From the recessionary lows of 100,000 through mid-2009, manufacturing job openings have more than doubled to levels not seen since the summer of 2009, two years ago. We can expect ongoing improvements in America's manufacturing sector, both in terms of output and employment, as it continues to remain at the forefront of the economy recovery
In another sign of a strong economic recovery in the manufacturing sector, the after-tax profits of U.S. manufacturing corporations reached a record-high $144.5 billion in the first quarter of 2011, according to data released today by the Census Bureau.
Adjusted for inflation, first quarter profits this year were 6.6% ahead of the previous quarter, and 28.7% ahead of a year earlier. Compared to the pre-recession level of $124.1 billion in the fourth quarter of 2007, manufacturing profits have increased by 16.2% and $20.4 billion.
Another chart (below) shows annual real manufacturing output per worker from 1947-2010 using data from the BEA for manufacturing output by industry and data from the BLS on manufacturing employment.
In 1950, the average U.S. manufacturing employee produced $19,600 (in 2010 dollars) of output, and by 1976 the amount of output per worker had doubled to $38,500. During that period manufacturing productivity was growing annually at 2.63%.
Output per worker doubled again to $75,000 by 1997 (21 years later), as productivity per worker increased to 3.23%. Manufacturing output per worker approximately doubled again to $149,000 by 2010, but it only took 13 years because worker productivity accelerated to 5.42% during this period.
This is an amazing story of huge increases in U.S. worker productivity in the manufacturing sector. In fact, the growth in manufacturing worker productivity more than doubled from 2.63% per year in the period between 1950 and mid-1970s to 5.42% annually between 1997 and 2010. Whereas it took 26 years for output per worker to double during the first period (1950-1976), it only took 13 years during the more recent period (1997-2010).
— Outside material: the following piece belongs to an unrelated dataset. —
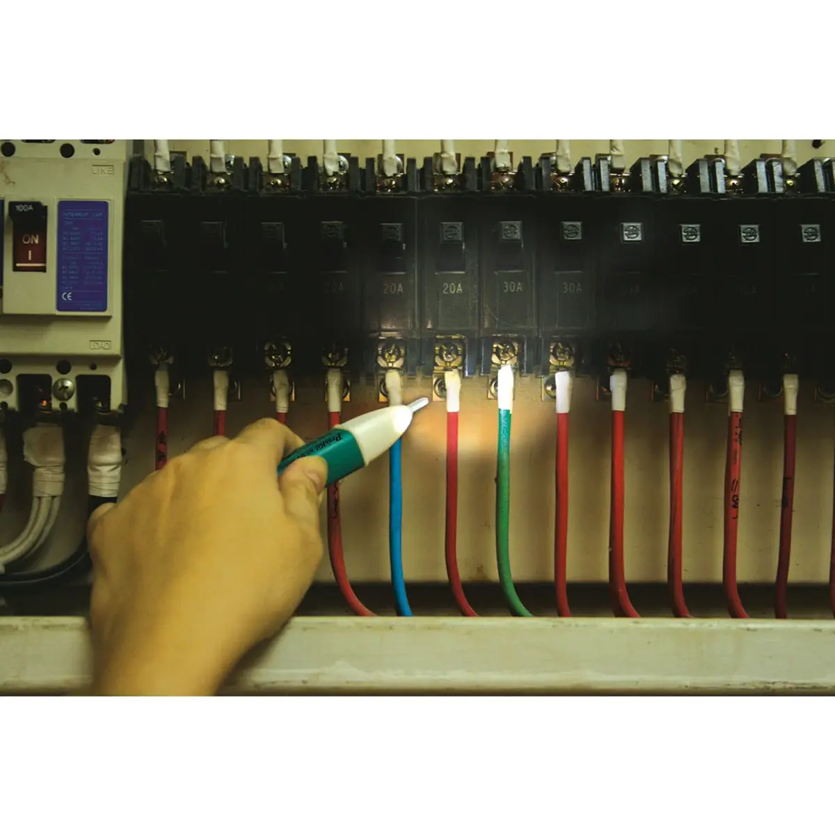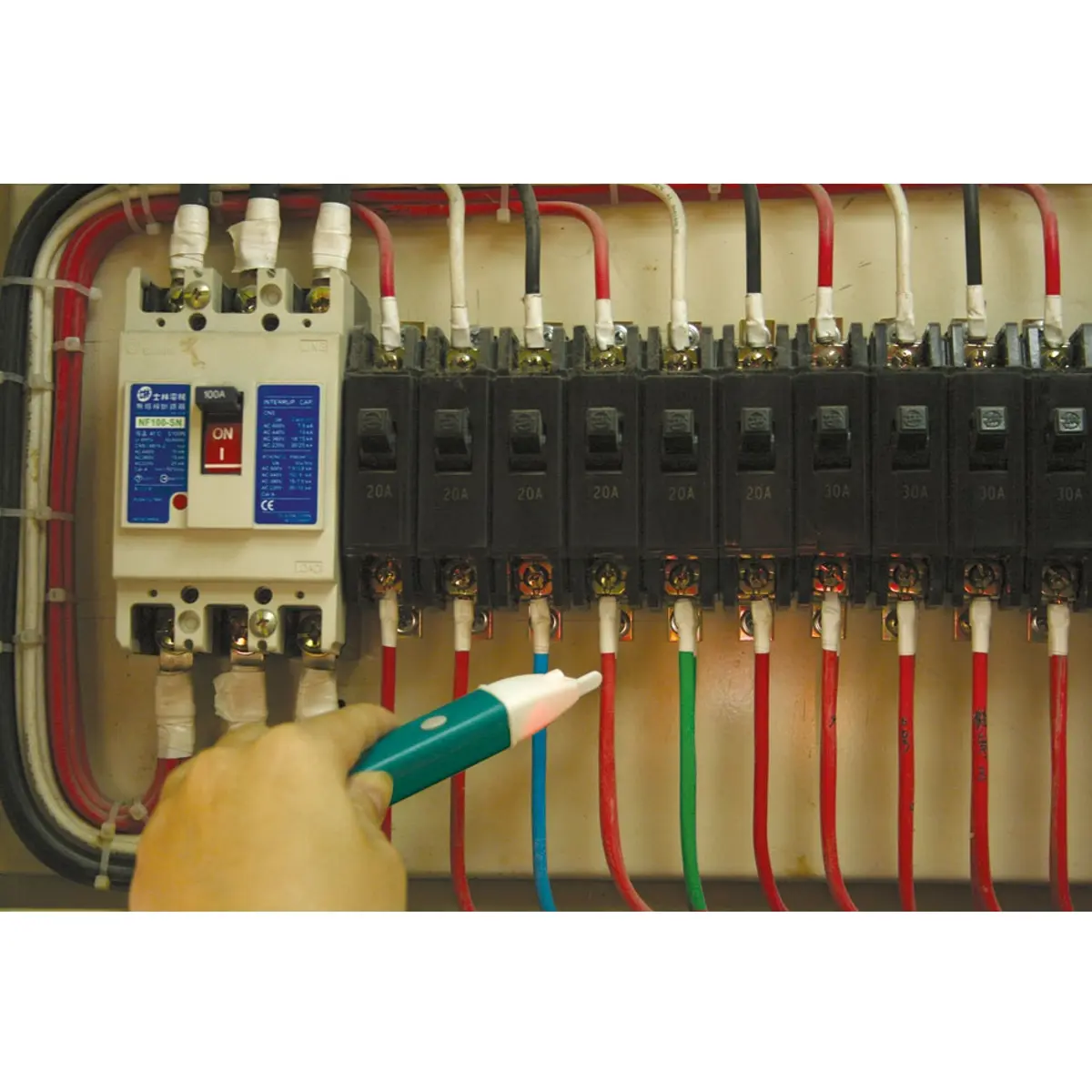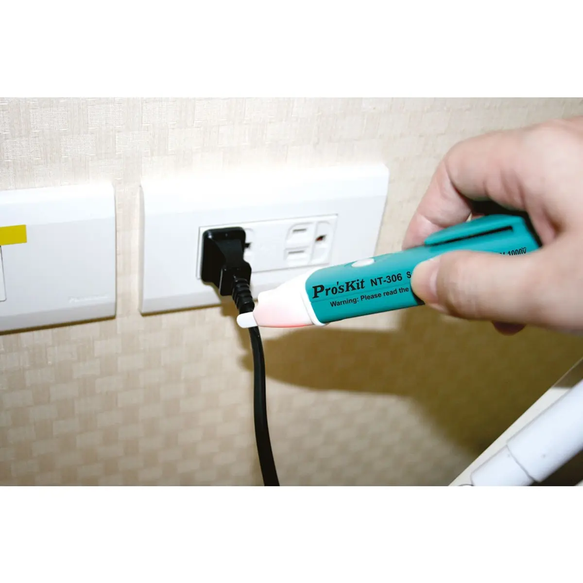 Detector de tensão sem contato. Este detector fornece uma alternativa simples e segura para utilizadores domésticos e eletricistas profissionais. Detecta o estado de um circuito elétrico sem a necessidade de tocar ou conectar um dispositivo na rede. As informações sobre se um circuito está ativo são por meio de iluminação LED e som intermitente. O teste de circuito é para tensões de 90V a 1000Vac. Tamanho compacto com clip, incorpora luz LED para trabalhos com pouca luz.

Manufacturing workers in America keep getting more and more productive, which then allows us to produce more and more output over time, with fewer and fewer workers. That's a great story about an American industry that is healthy, successful and thriving, and not an industry in decline.
By continually increasing worker productivity and productive efficiency, the American manufacturing sector has been hugely successful at achieving one of the most important economic outcomes of being able to "produce more with less." In the process, those efficiency and productivity gains have helped conserve scarce resources, including human resources, more effectively than almost any other industry, except maybe farming.
It's hard to overstate how much the efficiency gains achieved by U.S. manufacturing have contributed to the improvements in our standard of living by making manufactured goods more affordable over time. We should spend less time complaining about fewer workers in manufacturing, and more time celebrating the phenomenal gains in manufacturing worker productivity.
In 2009, the U.S. produced $2.33 trillion of manufacturing output including mining and utilities, according to data from the United Nations. The U.S. ranked #1 in the world for manufacturing, and produced 14% more output than second-ranked China ($2.04 trillion) and twice as much output as third-ranked Japan ($1.15 trillion).
What's most impressive is that the U.S. produced almost as much manufacturing output as the manufacturing sectors of Germany (#4), Italy (#5), France (#6), Russia (#7), U.K. (#8), Brazil (#9) and Canada (#10) combined ($2.44 trillion).
We are constantly hammered with bad news about the decline in the number of manufacturing jobs in the U.S., but we never hear the good news about why that is happening:
I think we can now safely say that the profitability of the U.S. manufacturing sector has made a complete and total V-shaped recovery from the effects of the U.S. recession and global slowdown, and is now well-prepared and situated for a new cycle of growth and expansion in output, sales, jobs, R&D, and capital investment.